All of the lofty promises in the Prime Minister's throne speech ring hollow when measured against the weight of the corruption that has characterized the sponsorship scandal that has digested his old friend, former ambassador and former cabinet colleague, Alfonso Gagliano, and which is now consuming his government. “Alfonso Gagliano?” the Prime Minister says, “I do not know the man. I was not even giving advice in Quebec when I was the finance minister, when I was an MP from Quebec. When I was in the cabinet, nobody asked me about Quebec. It was all this conspiracy of the 14 individuals”.
It sounds a lot like the conspiracy of the 12 monkeys. One could never really find those 12 monkeys. Now we have a greater conspiracy. We have the 14 conspirators and they are the ones we should blame now. They are the ones we have to ferret out.
The Prime Minister claims that he knew nothing about the improper allocation of funds for the program.

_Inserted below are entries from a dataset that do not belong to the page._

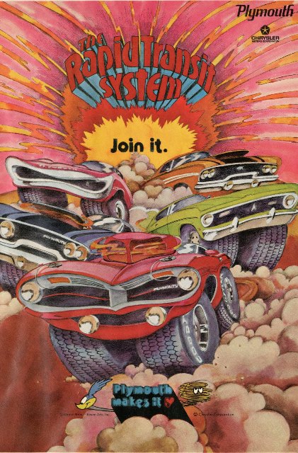 The 1970 Plymouth advertising campaign included the "Rapid Transit System" which appealed to many Plymouth buyers. The campaign was an effective effort to show the years of racing among Plymouth performance cars at Daytona Indianapolis, Riverside, Irwindale, Cecil County. It was based on the race cars themselves, drag racing cars Grand National stockers, rally and Championship cars. The Rapid Transit System advertising was very popular among racing fans of all ages.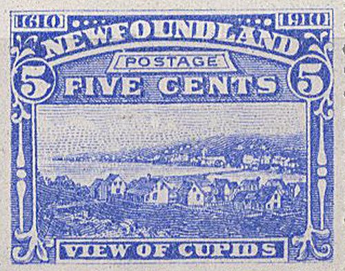 A Newfoundland five cent stamp showing a view of Cupids, 1910.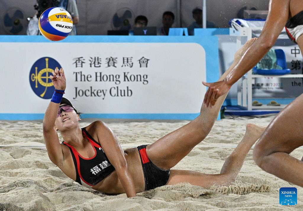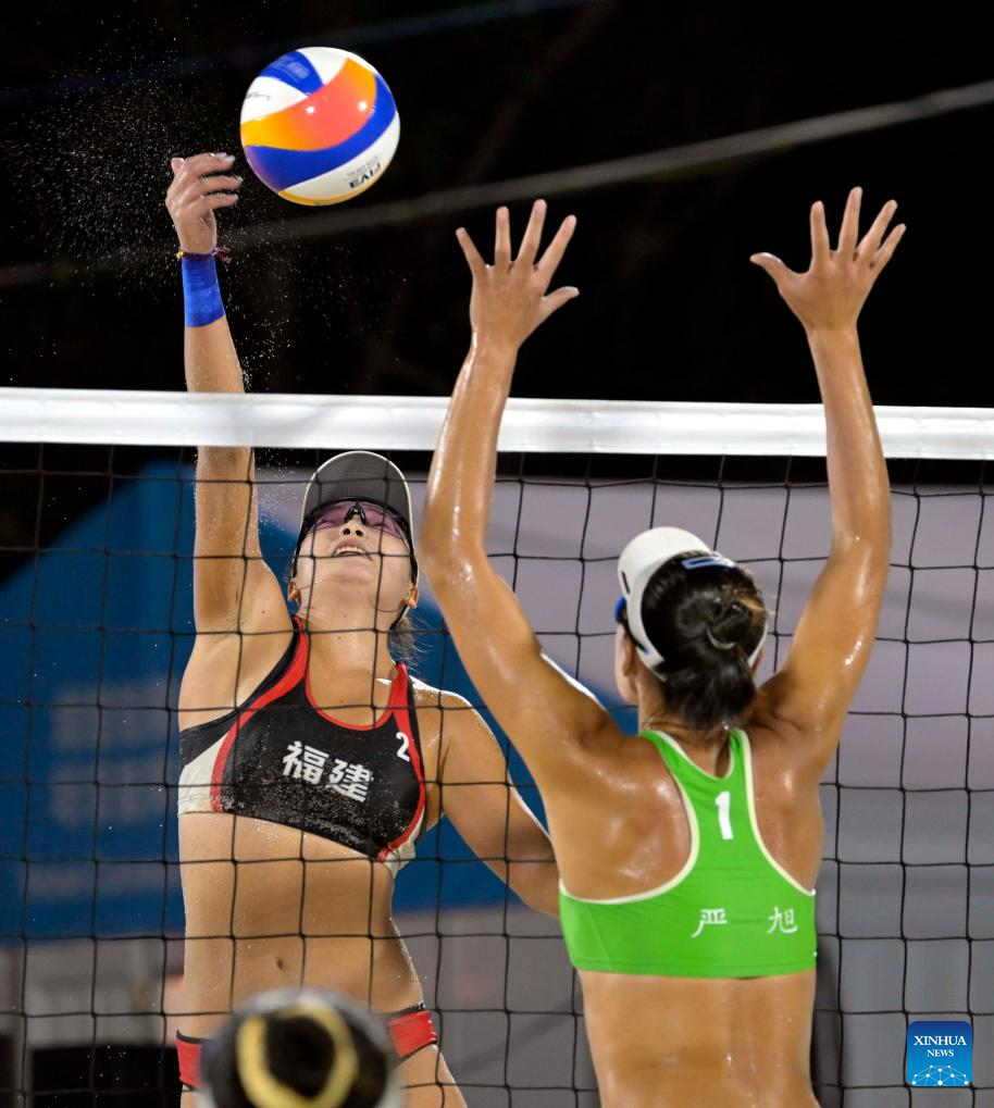 Xue Chen (R) and Zeng Jinjin of Fujian compete during the Beach Volleyball women's final between Xue Chen/Zeng Jinjin of Fujian and Yan Xu/Zhou Mingli of Nanjing Sport Institute at China's 15th National Games in Hong Kong, south China, Nov. 8, 2025. (Xinhua/Lo Ping Fai)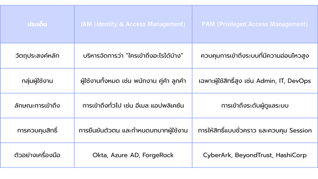IAM ช่วยตอบคำถามว่า “ใครสามารถเข้าถึงระบบใดได้บ้าง” ส่วน PAM ช่วยตอบคำถามต่อมาว่า “เมื่อเข้าถึงแล้ว ได้ทำอะไรบ้าง” การใช้งาน IAM เพียงอย่างเดียวจึงอาจไม่เพียงพอในการควบคุมและตรวจสอบการใช้งานระบบสำคัญอย่างละเอียด

This stretches his credibility beyond what is palatable given that the Prime Minister himself has bragged about the amount of input he had into cabinet decisions over the past 10 years, given the fact that he was the vice-chair of the Treasury Board that reviewed the sponsorship program and given that he was the most powerful minister in a government and represented a riding in the province where the scandal arose.
I want to make one thing clear. This is not an issue about the people of Quebec. This is an issue about the corruption in the Liberal Party in Quebec. This has nothing to do with the people of Quebec. His government should be ashamed that his party has dragged that province into this scandal. He should be standing up and apologizing not only to the people of Canada but to the people of Quebec specifically.

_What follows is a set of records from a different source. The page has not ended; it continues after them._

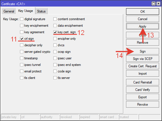ctr sign — возможность подписывать другие сертификаты.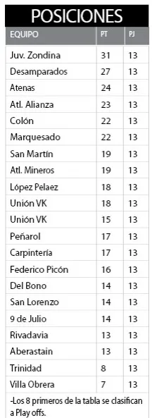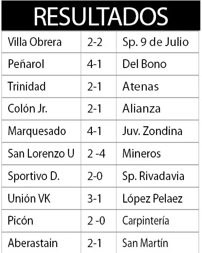 Desamparados sigue prendido y ganó 2-0 a Rivadavia, con goles de Juan Villalobos y Daniel Castro, lo que lo acerca a la Juve. Picón venció a Carpintería 2-0 y Unión derrotó 3-1 a Lopez Peláez.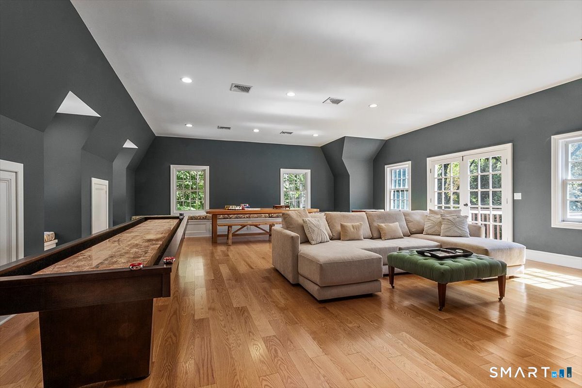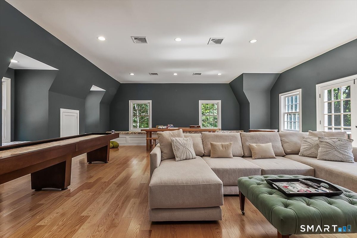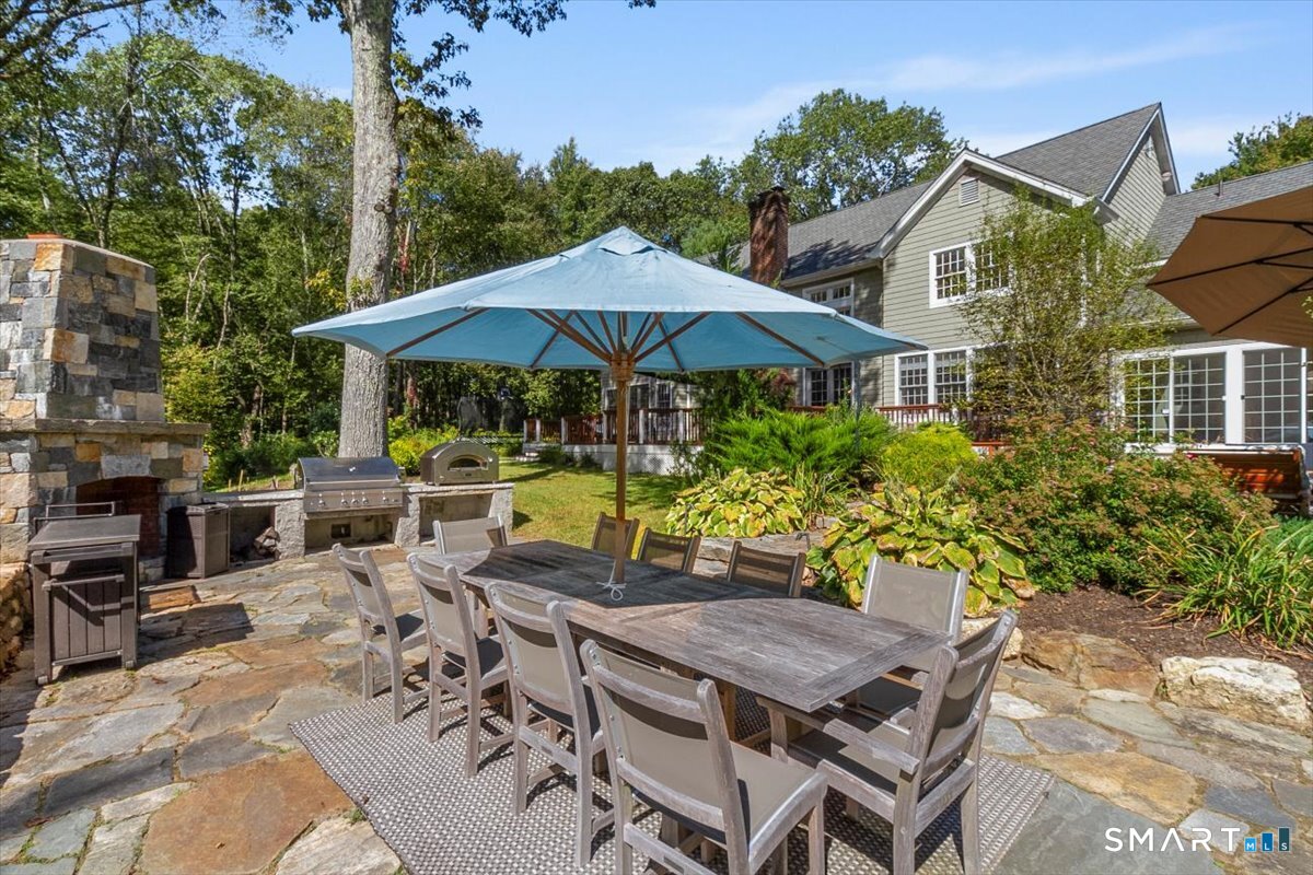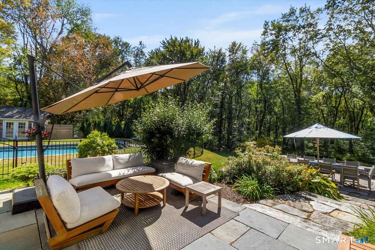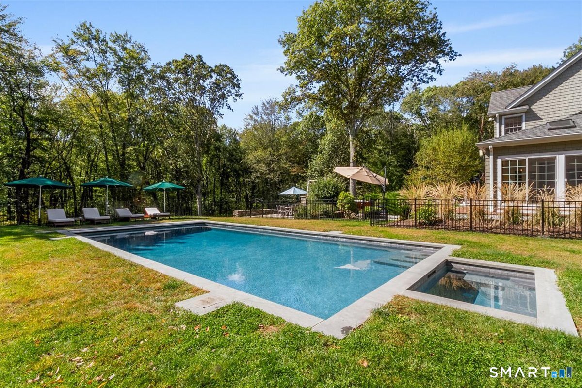 Roxbury Shingle-Style Gem with Sparkling Pool! This grand residence sits off one of Litchfield County's most treasured and bucolic roads amidst boldfaced names - past and present - and backing up to a 60-acre parcel of Roxbury Land Trust. Prepare to be "wowed" by the sun-flooded double height living room, gorgeous eat-in-kitchen, formal dining room, four-season sunroom, wood-paneled library/den, and well-executed rec room. Four oversized bedrooms with ensuite baths, including primary suite options on both the main floor and upstairs. A large outdoor deck which spills onto a native stone terrace with grill and pizza oven; perfect for entertaining friends and family. Partially finished basement with gym and tons of storage. Pristine 20x40 gunite pool and spa added in 2022. Cagenio-wired smart home with mega-speed internet, Wifi covering the interior and exterior patio and pool areas, whole house generator. Many "hidden money" upgrades inside and out, including roof in 2021 (w/ 50-yr transferable warranty), five zone HVAC system with all units replaced 2021-2024, pool and spa in 2022, whole-house generator, mini-splits in the sunroom and gym area, and a comprehensive automation system. In the heart of Litchfield County, convenient to Lake Waramaug, fine dining, farmers markets, town tennis courts and thousands of acres of land trust to explore. 90 minutes to NYC but a world away.

In view of these facts, that he was the most powerful minister, that he bragged about his decisions and his influence, how can he say that he knew nothing? He says he knew nothing despite the fact that other caucus colleagues have publicly stated as late as yesterday that they raised concerns inside the Liberal caucus about the program as far back as 1999. The former heritage minister said he must have known, the inference being that everyone else did. Why did the then finance minister who is now the Prime Minister not know?
The truth is that the Prime Minister turned a blind eye while his Liberal friends stole tax dollars. Then Parliament was misled. How much was stolen we will never know. We know that $250 million was wasted in this program. How much was stolen? Let us assume it is the moderate amount, relatively speaking, of a quarter of a billion dollars, maybe $100 million, certainly much more than the couple of million dollars that the former prime minister thought might have been stolen and which was no big deal to him.
What does $100 million mean? That could have paid for eight years of salary for 222 police officers. It could have paid for the annual salaries of 2,500 nurses. It could have paid for almost 100 MRI machines to be installed across Canada.
The Prime Minister's platitudes on fixing the democratic deficit cannot be taken seriously by even the most detached observer. It is a sad time for Canadian democracy. Nothing the Prime Minister could say could change the course of a government that has developed and nurtured a culture of corruption for over a decade.